To elucidate the genetic bases of NS in family 56, we hypothesized the involvement of genes different from those belonging to the RAS pathway and we performed WES in the trio. At total of 49.11 million reads per sample was obtained; after duplicates removal, and an average of 47.03 million reads were mapped on the NCBI human reference genome (build GRCh37). On average, the mean depth was 37X with more than 96% of the targeted regions covered by NGS reads in each sample (Table S6). All the selected variants were validated by Sanger sequencing. The condition of compound heterozygosis was detected for two variants in RASAL3 gene, encoding a protein with pleckstrin homology (PH), C2, and Ras GTPase-activation protein (RasGAP) domains: the c.1963C>A (p.(Gly655Ser)) variant (rs199734851) in the exon 13 of RASAL3 was paternally inherited, while the c.751C>G (p.(Leu251Val)) (rs58123634) in exon 7 of the same gene was maternally inherited (Table 2; Fig. 1d). In silico predictions of the deleterious effect of these variants were reported in Table S5.

Protein modeling and in silico prediction of protein stability of deleterious nonsynonymous variants

Sequences of genes with substitutions in encoding regions were analyzed. In detail, the protein structure of A2ML1, LZTR1, RASAL3, SOS1 and LRP1 were modeled (see Supplementary File for details). The obtained model of A2ML1 allowed us to evaluate the c.2882A>G(p.(Asp961Gly)) identified variant. The residue substitution localizes in the protein core and is not directly involved in post-translation modification (PTMs) or disulfide bridges. The 961 residue seems to have a role in proteases-binding or in their recognition and the substitution of a charged residue with a small apolar one may modify the protease binding activity. This substitution may be destabilizing because it is very close to the typical thiol ester sequence (969–973) [19] involved in the thiol ester bond (970–973) (Fig. 2a). Interestingly, this sequence is distinctive of the α-Macroglobulin, is involved in protein reactivity [19] and it is localized on the opposite side of the bait domain on a large binding cavity; the bait domain is generally cleaved by proteases, in order to induce a conformational change and entrap the protease itself [19].
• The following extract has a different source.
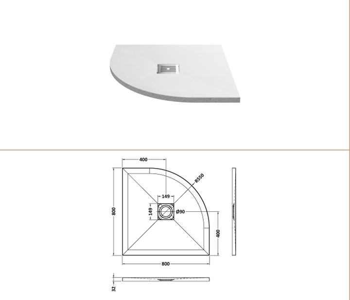 - Modern Aesthetic: The stunning slate textured finish in a sophisticated white colour instantly elevates the look of any modern bathroom. Its quadrant shape and slimline design (just 32mm high) create a minimalist and spacious feel, making it perfect for creating a clean and uncluttered shower area.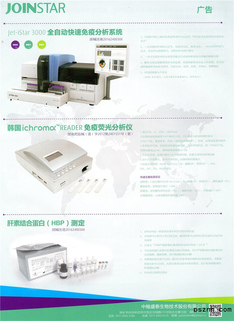 中翰盛泰生物技術(shù)股份有限公司 POCT/快速診斷系列 感染性疾病快速診斷平臺(tái) 心腦血管疾病快速診斷平臺(tái)點(diǎn)擊:713 查看原圖![]() ![]() ![]() 杭州錢(qián)江經(jīng)濟(jì)開(kāi)發(fā)區(qū)興國(guó)路519號(hào)

Fig. 2: Structural predictions of A2ML1, LZTR1, RASL3, and SOS1.
figure 2

A2ML1 structural prediction, substituted residue, Asp961Gly, is in blue stick and functional regions are in evidence, thiol ester sequence in pink and bait region in red (a). LZTR1 model and focus on Tyr199His substitution, in gray wild type (wt) residue and in green the model of Tyr in position 119 (b). RASAL3 model and focus on Gly655Ser substitution, in gray wt residue and in white Ser in position 655 (c). SOS1 crystal structure and focus on Pro655Leu substitution, in gray wt residue and in light-blue Proline in position 655 (d).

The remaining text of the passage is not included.